CASH FLOWS FROM OPERATIONS - Net cash used in operating activities
of $512,180 in the three months ended September 30, 1999 was
primarily due to a net loss of $1,189,570, offset partially by
changes in operating assets and liabilities, principally accounts
payable and accrued expenses of $201,240, accrued payroll and
related taxes of $138,013 and deferred income of $3,508, offset
partially by accounts receivable of $54,074; the fair market value
of stock issued for services of $336,000; the fair market value of
options granted to employees for compensation of $12,624; and
depreciation expense of $40,079.
CASH FLOWS FROM INVESTING - Net cash used in investing activities of
$180,110 in the three months ended September 30, 1999 funded
deposits of $180,110.
CASH FLOWS FROM FINANCING - Net cash provided by financing
activities of $710,697 in the three months ended September 30, 1999
was primarily due to the proceeds from sales of the Company's common
stock of $626,830, net of offering costs of $60,170 and borrowings
of short term debt of $98,500, offset primarily by repayments on
capitalized lease obligations of $14,633.

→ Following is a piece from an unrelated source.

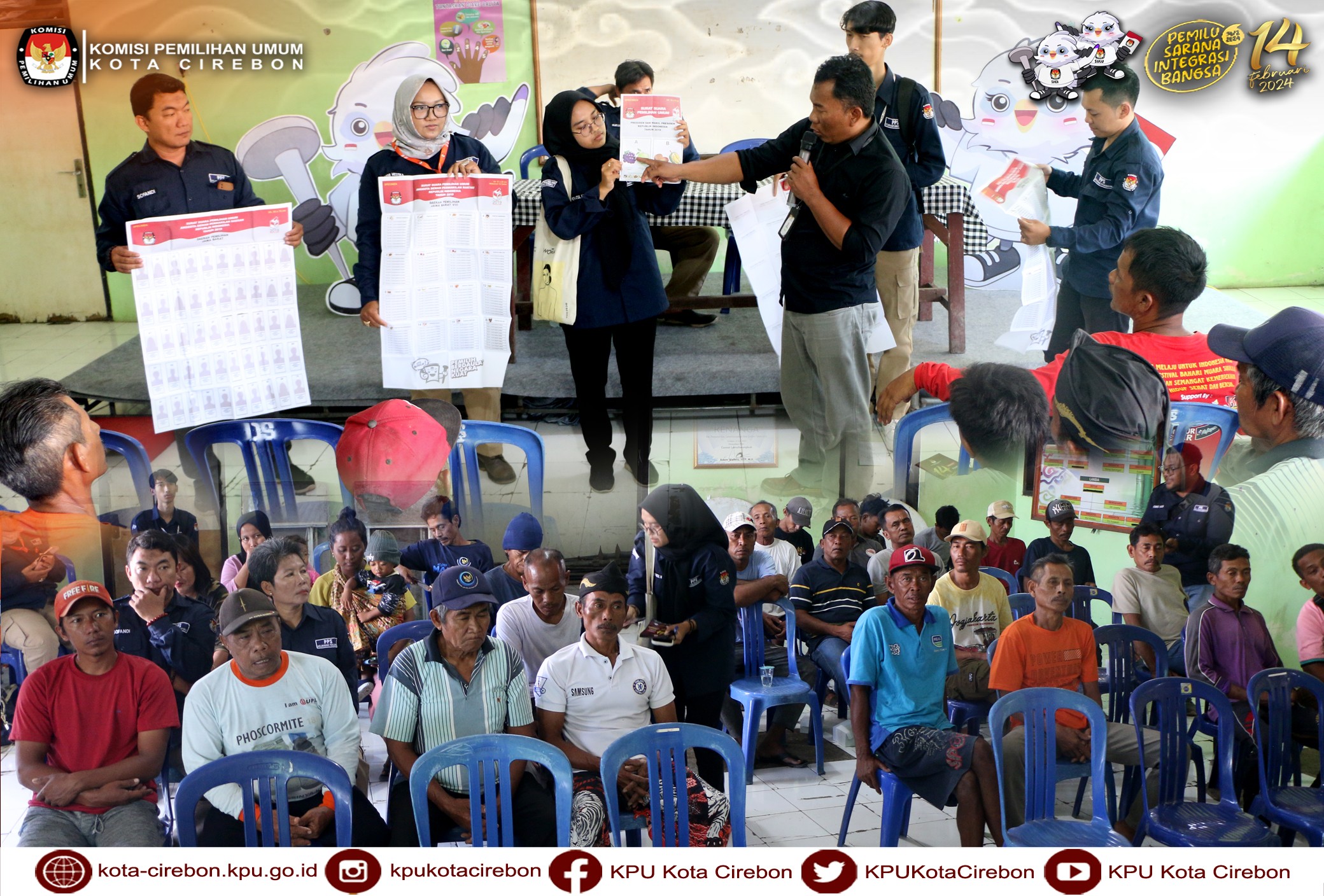 Rombongan Kirab Pemilu Tahun 2024 bersiap pukul 12.00 WIB di Kantor KPU Kota Cirebon. Selanjutnya setelah briefing, pada pukul 12.10 WIB rombongan Kirab Pemilu Tahun 2024 berangkat menuju Gedung Liposos yang berdekatan dengan pantai, dengan sasaran sosialisasi para nelayan. Dalam perjalanan menuju lokasi sosialisasi yang pertama, rombongan mobil Kirab Bendera Partai Politik melakukan orasi/woro-woro melalui pengeras suara, menyampaikan informasi tentang pelaksanaan Tahapan Pemilu Tahun 2024. Rombongan tiba pukul 13.15 WIB, dan langsung masuk ke gedung tempat kegiatan dimana para nelayan sudah menunggu di dalam gedung. Kegiatan dibuka oleh Ketua PPK Lemahwungkuk dan selanjutnya sambutan dari Anggota KPU Divisi Sosdiklih Parmas dan SDM sekaligus langsung memberikan materi sosialisasi kepada para nelayan. Sama halnya dengan kegiatan sebelumnya, pada kesempatan ini KPU Kota Cirebon juga membagikan kalender Pemilu 2024, brosur/flyer berisi informasi tentang tanggal pemungutan suara, jumlah DPT, Daerah Pemilihan, gambar dan nomor urut Partai Politik, doorprize berupa boneka mini maskot Pemilu 2024 kepada peserta yang hadir. Pada kegiatan ini tim kirab KPU Kota Cirebon melakukan simulasi pencoblosan menggunakan surat suara dummy dengan melibatkan para nelayan berperan sebagai pemilih. Kegiatan ditutup dengan foto bersama.

SHORT-TERM FINANCING - As of June 30, 1999, the Company had raised
approximately $108,450, net of offering costs of $14,550, through the
sale of 123,000 shares of its common stock. During the three months
ended September 30, 1999, the Company has sold an aggregate of
687,000 shares of its "restricted" common stock at $1.00 per share
pursuant to an ongoing private placement offering ("Private
Offering") of 2,000,000 shares of the Company's common stock,
resulting in net proceeds to the Company of approximately $626,830,
net of offering costs of $60,170.
In connection with the Company's ongoing Private Offering, the
Company entered into a revised Investment Banking Agreement with
Transglobal Capital Corporation ("TCC"), a licensed NASD broker on
August 1, 1999. As part of this Agreement, TCC agreed to provide
the Company with consulting services and to assist the Company in
raising capital. In return, the Company agreed to compensate TCC
with a 13% commission on gross proceeds received in connection with
the July 20, 1999 private offering. In addition, the Company agreed
to issue TCC options to purchase up to 200,000 shares of the
Company's Common Stock at an exercise price of $1.10 per share based
upon 10% of the total proceeds raised by TCC. As of September 30,
1999, no options have been granted.
The Company has borrowed $73,500 from its President and CEO. These
borrowings ("Borrowings") were for use as working capital. The
Company does not expect to borrow any additional funds beyond the
total amount currently borrowed from the President and CEO. Under
the terms of the Borrowings, the Company will be required to repay
the principal of $73,500 within one year with 10% interest. The
Borrowings are not secured.
On July 6, 1999, the Company entered into a short term note (the
"Note") with an unrelated individual for the amount of $50,000 for
use as working capital. Under the terms of the note, the Company
will be required to repay the principal balance of $50,000 within 30
days plus interest at 10%. The Note is secured by the Company's
receivable. The Company is in the process of renegotiating the
repayment of the Note.
The funds from the sale of the Company's common stock as described
above will be used to fund the Company's ongoing operations. The Company
does not currently have sufficient capital to fund the acquisition of the
Company's VoIP network, and will need to raise such funds either
through the additional sale of its Common Stock or through debt
financing (Please refer to the General Overview, Long-Term
Financing, and Capital Expenditure - VoIP Network section of this
document for further information). No assurances can be given,
however, that the Company will be able to complete the Private
Offering or raise the capital necessary to complete the acquisition
of its VoIP network. The failure to complete the Private Offering
or to obtain the necessary capital for its VoIP network will have a
material adverse effect on the Company's results of operations.
<PAGE>
LONG-TERM FINANCING - On April 30, 1999, the Company entered into a
financing agreement (the "Financing Agreement") with Ascend
Communications, Inc. ("Ascend") for $26 million in equipment
financing, specifically for the purchase of the Company' s VoIP
network. Upon delivery of the equipment, which has yet to occur,
the terms of the financing will include thirty-three (33) monthly
payments of $942,760 and a five-year warrant for Ascend to purchase
315,151 shares of the Company's "restricted" Common Stock at an
exercise price of $8.25 per share. The warrants include provisions
for anti-dilution protection, net exercise and registration rights.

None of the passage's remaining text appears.